DESCRIPTION (provided by applicant): Animal models are important experimental tools for investigating the molecular mechanisms and genetic susceptibilities underlying hemostasis and thrombosis. In particular, mice deficient in GPIb1 or VWF have provided considerable insight into the importance of this receptor-ligand pair not only in the formation of blood clots but in platelet development, prothrombotic disease states, inflammation, and angiogenesis. That said these models are limited as no information can be gleaned on their structure-function relationship nor can one assess the in vivo effectiveness of therapeutic agents specifically designed to disrupt this interaction in humans. To this end, we now apply the knowledge and expertise of several laboratories to: 1) perform a detailed biophysical analysis of the GPIba-VWF-A1 bond in order to understand how the physicochemical properties of this interaction may regulate platelet-von Willebrand Factor (VWF) interactions in health and disease, 2) validate proposed biophysical mechanisms by generating and studying animals with specific alterations in mechanical and/or kinetic properties of this interaction, and 3) exploit this knowledge to develop biological platforms to test therapies designed to specifically inhibit this interaction in humans. We believe that by taking this comprehensive approach, we will avoid pitfalls related to potential species differences in GPIba-VWF-A1 interactions. PUBLIC HEALTH RELEVANCE: The relevance of this research is 3-fold: 1) It addresses a critical barrier in the field of bioengineering: biological models to test biophysical mechanisms proposed to govern the interaction between receptor-ligand pairs involved in cell adhesion such as the platelet receptor GPIb1 and its ligand VWF, 2) it will expand our scientific understanding of the mechanisms that regulate and thus limit platelet-VWF interactions to sites of vascular injury, and 3) it will lead to the generation of animal models that more closely mimic human disease and thus serve as biological platforms for the development and testing of drugs that prevent platelet-VWF interactions in prothrombotic disease states.
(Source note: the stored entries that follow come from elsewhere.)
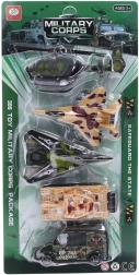 Acest set militar versatil oferă copiilor multe posibilități pentru scenarii creative și dinamice. Elicopterul de 16,5 cm este completat de două avioane de vânătoare, un tanc robust și o mașină de teren. Datorită mecanismului cu întoarcere și roților libere, vehiculele sunt ușor de controlat și rulează rapid.
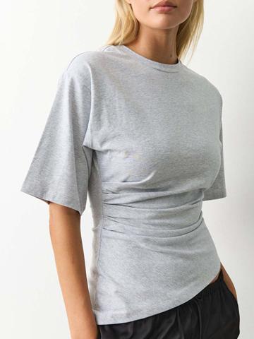 Cuello redondo, cintura plisada, manga corta
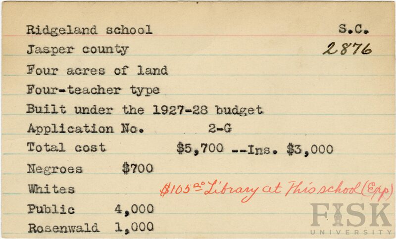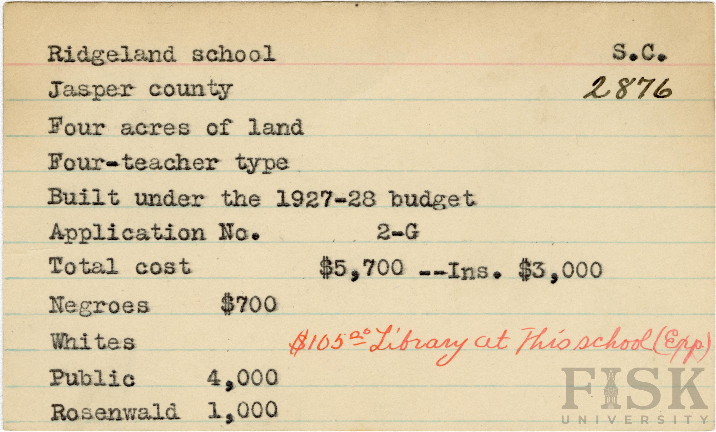 School card from Rosenwald Fund for Ridgeland School in Jasper County, South Carolina with a section added to the budget contributions that says, "Ins. $3,000" and a handwritten note on the card that says, "$105.00 library at this school (Exp)"
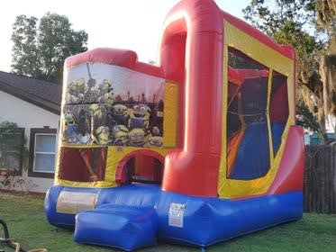The Backyard combo style bounce house is the ultimate in inflatable jumpers! The large interior jumping area offers a basketball hoop. This bouncy castle has a climb feature and a convenient exit slide for hours of active fun! Parents and spectators are offered a clear view with the 360-degree mesh sides of this moonwalk. The Backyard combo bounce house is made of lite n strong™ fire-resistant vinyl for safety, durability and easy portability. This Backyard bouncy house is sure to make any indoor or outdoor event a great success!

描述（申请人提供）：动物模型是研究止血和血栓形成的分子机制和遗传易感性的重要实验工具。特别是，缺乏 GPIb1 或 VWF 的小鼠使我们深入了解了这种受体-配体对的重要性，不仅在血栓形成中，而且在血小板发育、血栓前疾病状态、炎症和血管生成中的重要性。也就是说，这些模型是有限的，因为无法收集有关其结构-功能关系的信息，也无法评估专门设计用于破坏人类这种相互作用的治疗剂的体内有效性。为此，我们现在应用多个实验室的知识和专业知识来：1）对 GPIba-VWF-A1 键进行详细的生物物理分析，以了解这种相互作用的物理化学特性如何调节血小板-血管性血友病因子（ VWF）健康和疾病中的相互作用，2）通过生成和研究这种相互作用的机械和/或动力学特性发生特定改变的动物来验证所提出的生物物理机制，3）利用这些知识开发生物平台来测试专门设计的疗法抑制人类的这种相互作用。我们相信，通过采取这种综合方法，我们将避免与 GPIba-VWF-A1 相互作用中潜在物种差异相关的陷阱。 公共健康相关性：这项研究的相关性有三方面：1) 它解决了生物工程领域的一个关键障碍：测试生物物理机制的生物模型，该机制旨在控制参与细胞粘附的受体-配体对之间的相互作用，例如血小板受体 GPIb1 及其配体 VWF，2) 它将扩展我们对调节机制的科学理解，从而限制血小板-VWF 相互作用对血管损伤部位的影响，3) 它将导致动物的产生这些模型更接近地模拟人类疾病，因此可作为开发和测试在血栓前疾病状态下预防血小板与 VWF 相互作用的药物的生物平台。